Children Vision
A child’s vision gets stronger each year. This improved vision is needed as the child explores the world more fully and begins schooling.
The developing eye is learning to do many things better, such as:
- accommodation or eye focusing. This allows the eye to quickly change focus between distances.
- seeing things in 3D (three dimensions). This is known as depth perception.
- tracking, which helps the eyes follow a moving target.
- convergence, which helps both eyes focus together on an object at the same time.

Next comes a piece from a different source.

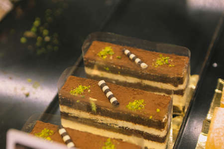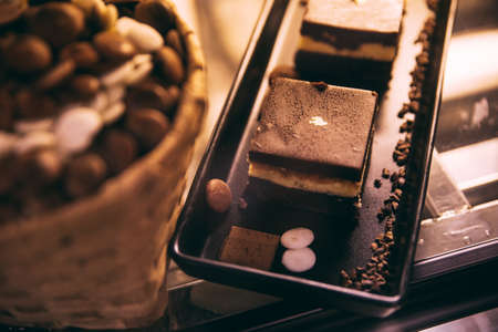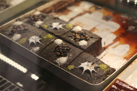 Dessert, chocolate, beautifully placed in the tray ready for sale.
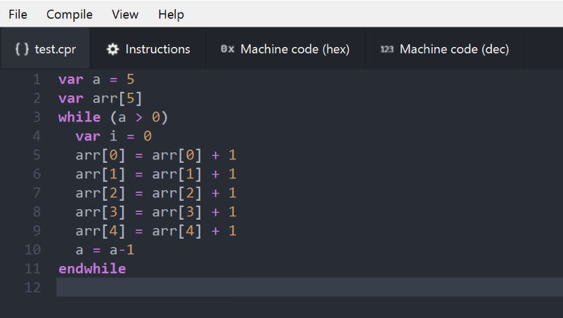 The compiler also supports while statements.

Common Childhood Vision Problems
Refractive errors
There are three main refractive errors:
- Farsightedness (hyperopia). Close objects are blurry to a child (such as when reading), and distant objects are seen more clearly. Most children are minimal to moderately farsighted.
- Nearsightedness (myopia). A child sees near objects more clearly than distant objects.
- Astigmatism. With astigmatism, near and far vision is blurry. It’s almost like looking into a funhouse mirror in which you appear too tall, too wide or too thin.
Strabismus
Strabismus is when the eyes are misaligned and points to different directions. For healthy vision to develop into adulthood, both eyes must work together.
Amblyopia
Amblyopia (lazy eye) is when one or both eyes do not develop normal vision during childhood. Eye problems like strabismus or refractive errors keep the eye from seeing correctly. This leads to a lazy eye.
A child is not likely to tell you that their vision is blurry. And often, parents do not see signs of strabismus, amblyopia or refractive errors. This is why it’s important to take your child for eye screenings during these critical years.